→ **Dataset extract**

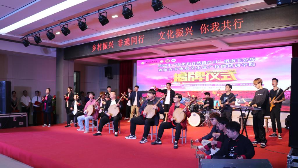 6月10日上午,2022年“文化和自然遗产日”渭南主会场暨陕西非物质文化遗产技能培训学院成立揭牌仪式在渭南技师学院举办,纽约国际官网莫斯科艺术学院大学生老腔艺术团应邀演出,压轴倾情表演,得到活动主办单位和与会领导的高度评价。渭南市市长陈晓勇,陕西省人社厅党组成员、副厅长陈晓东,陕西省文化和旅游厅二级巡视员郭明历,渭南市委常委、副市长刘强,副市长张开,陕西省人社厅、陕西省文化和旅游厅、渭南市人社局、渭南市文旅局相关领导出席活动。
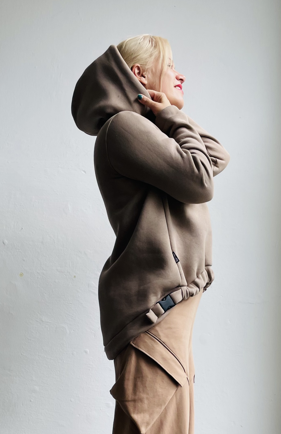 Volná dámská béžová mikina s kapucí, nabíraným spodním lemem, delším zadním dílem.
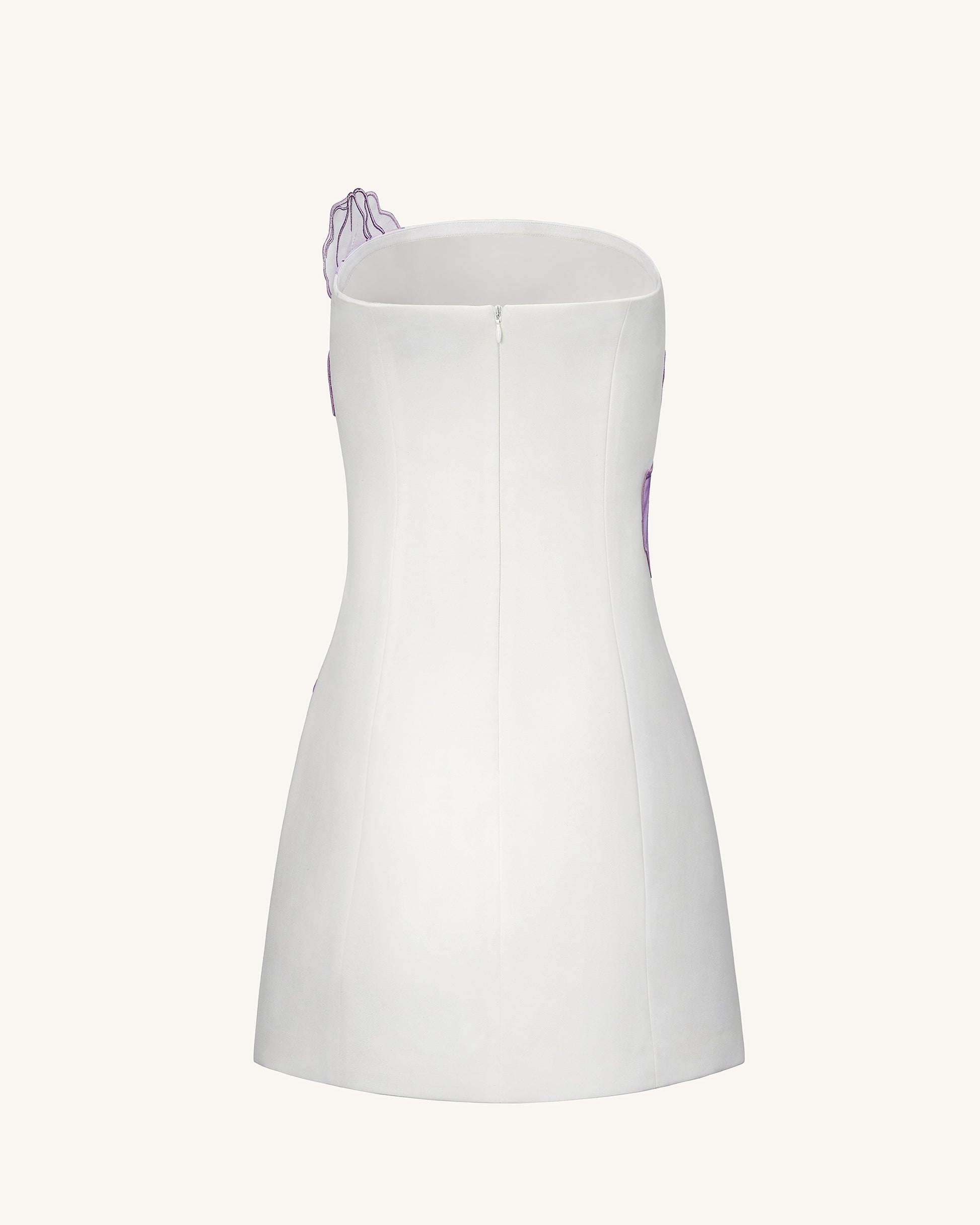 這款平口迷你洋裝擁有合身的剪裁與光滑挺括的布料。前身以柔和的紫色與綠色鳶尾花圖案大膽點綴,視覺效果強烈。乾淨的裙擺長度落在膝上。整體造型簡約,花卉圖案鮮明搶眼。
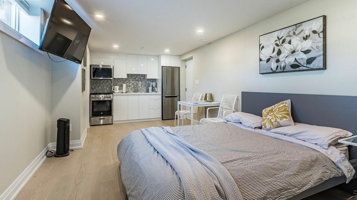 Profitez de votre séjour dans la région du Grand Toronto (GTA) avec cet espace bien aménagé, spacieux et serein. À seulement six minutes en voiture du centre commercial Sherway Gardens, à cinq minutes de deux gares différentes de GO Train et juste à côté de l'autoroute du centre-ville de Toronto. À cinq minutes à pied d'une place locale avec épicerie, pharmacie, restaurant et bien plus encore. Utilisation exclusive et à la suite au sous-sol avec des équipements modernes, y compris une cafetière Keurig, des ustensiles de cuisine Henckels, un sèche-cheveux Dyson et une télévision 55"2024.
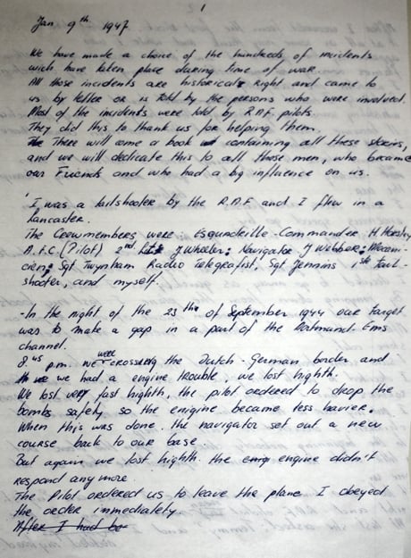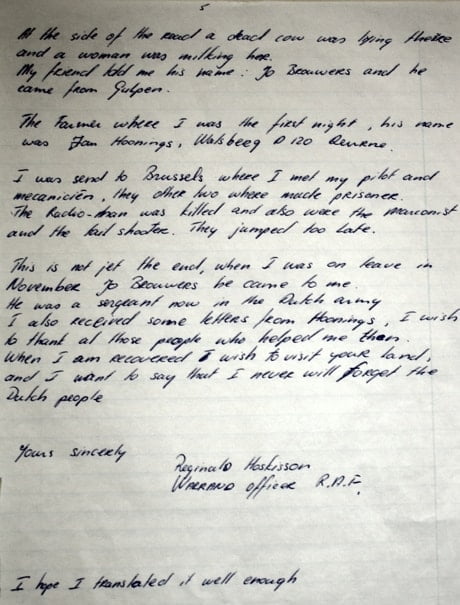 Beneden het verhaal zoals Warrand Officer R.A.F. Reginald Hoskisson deze crash beleefde, hij schreef dit verhaal op 9 Januari 1947 in een dankbrief naar zijn redders in nood. Daarna volgt een Nederlandse vertaling.
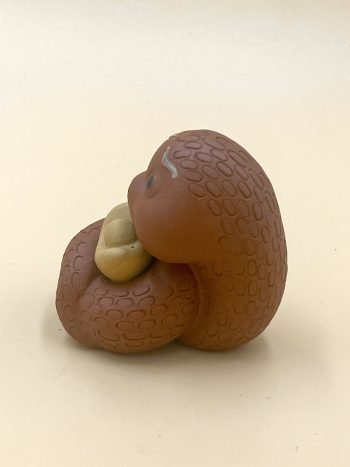 Фигурка среднего размера 6 на 5 см., весом 113 гр. Сделан из исинской глины кирпично-красного оттенка с песчаными вкраплениями жёлтого цвета, детали и текстура шкурки вручную проработаны.
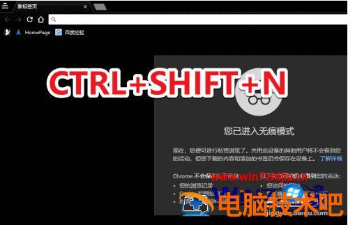 3、瞬间会在原始网页的基础上新弹出一个窗口,这就是谷歌浏览器的隐私模式。在当前网页不会保存浏览记录也不会生成表单数据。不会将cooki和历史记录自动保存作为推荐凭据。
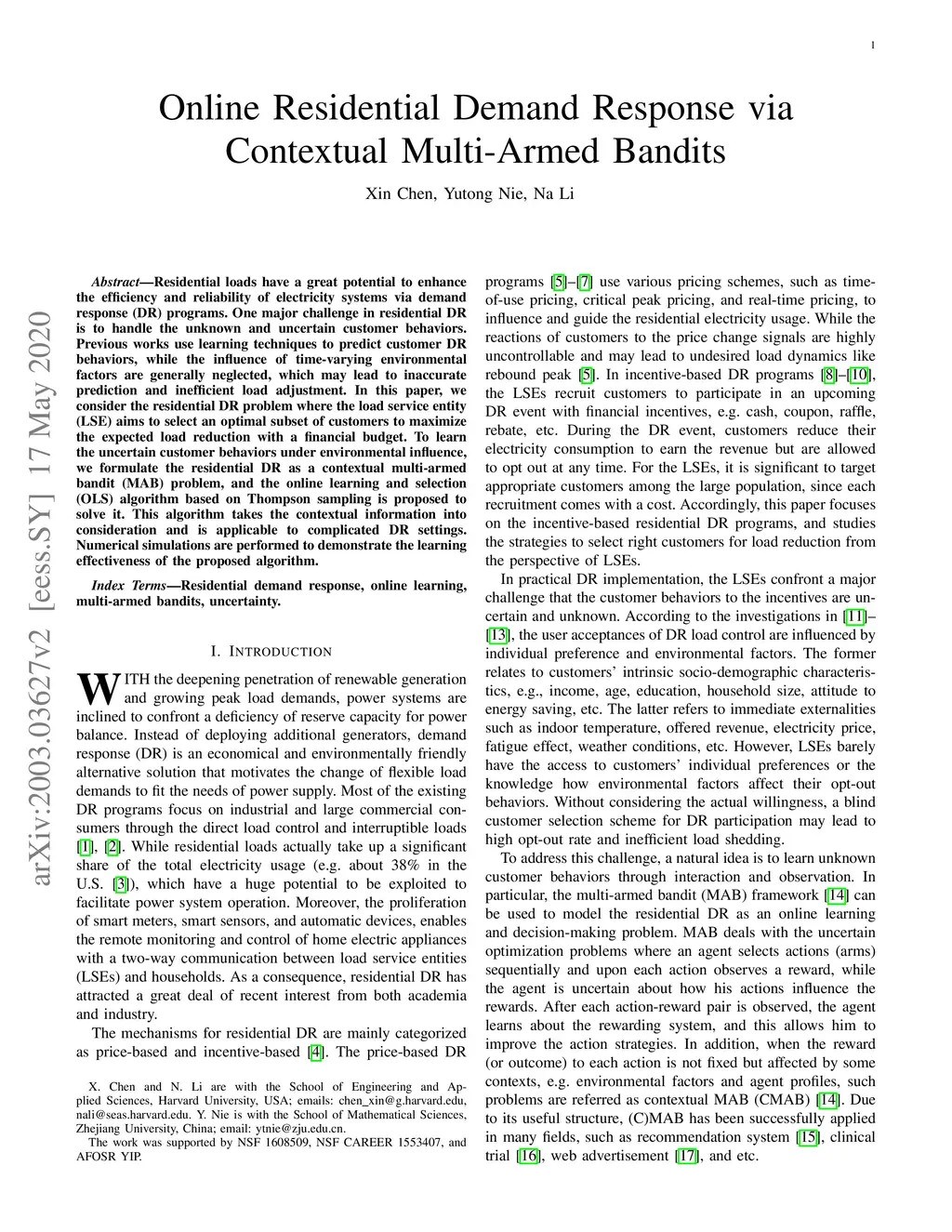 Online Residential Demand Response via Contextual Multi-Armed Bandits
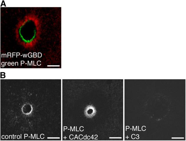 Figure 7. Activity zones and myosin-2 light chain phosphorylation. (A) Confocal image shows phosphorylated myosin-2 regulatory light chain staining (P-MLC; green) circumscribed by Cdc42 activity (red) in a fixed cell. Bar, 25 μm. (B) Confocal images of fixed cells show that P-MLC staining is broadened in cells treated with CACdc42 and reduced with C3, compared with control, at 3 min after wounding. Bars, 25 μm. |

→ **Prompt**
Restate word for word the lines from the one holding "這款平口迷你洋裝擁有合身的剪" down through the last line of the records above, and do not include the pictures.

→ **Answer to the problem**
 這款平口迷你洋裝擁有合身的剪裁與光滑挺括的布料。前身以柔和的紫色與綠色鳶尾花圖案大膽點綴,視覺效果強烈。乾淨的裙擺長度落在膝上。整體造型簡約,花卉圖案鮮明搶眼。
 Profitez de votre séjour dans la région du Grand Toronto (GTA) avec cet espace bien aménagé, spacieux et serein. À seulement six minutes en voiture du centre commercial Sherway Gardens, à cinq minutes de deux gares différentes de GO Train et juste à côté de l'autoroute du centre-ville de Toronto. À cinq minutes à pied d'une place locale avec épicerie, pharmacie, restaurant et bien plus encore. Utilisation exclusive et à la suite au sous-sol avec des équipements modernes, y compris une cafetière Keurig, des ustensiles de cuisine Henckels, un sèche-cheveux Dyson et une télévision 55"2024.
 Beneden het verhaal zoals Warrand Officer R.A.F. Reginald Hoskisson deze crash beleefde, hij schreef dit verhaal op 9 Januari 1947 in een dankbrief naar zijn redders in nood. Daarna volgt een Nederlandse vertaling.
 Фигурка среднего размера 6 на 5 см., весом 113 гр. Сделан из исинской глины кирпично-красного оттенка с песчаными вкраплениями жёлтого цвета, детали и текстура шкурки вручную проработаны.
 3、瞬间会在原始网页的基础上新弹出一个窗口,这就是谷歌浏览器的隐私模式。在当前网页不会保存浏览记录也不会生成表单数据。不会将cooki和历史记录自动保存作为推荐凭据。
 Online Residential Demand Response via Contextual Multi-Armed Bandits
 Figure 7. Activity zones and myosin-2 light chain phosphorylation. (A) Confocal image shows phosphorylated myosin-2 regulatory light chain staining (P-MLC; green) circumscribed by Cdc42 activity (red) in a fixed cell. Bar, 25 μm. (B) Confocal images of fixed cells show that P-MLC staining is broadened in cells treated with CACdc42 and reduced with C3, compared with control, at 3 min after wounding. Bars, 25 μm. |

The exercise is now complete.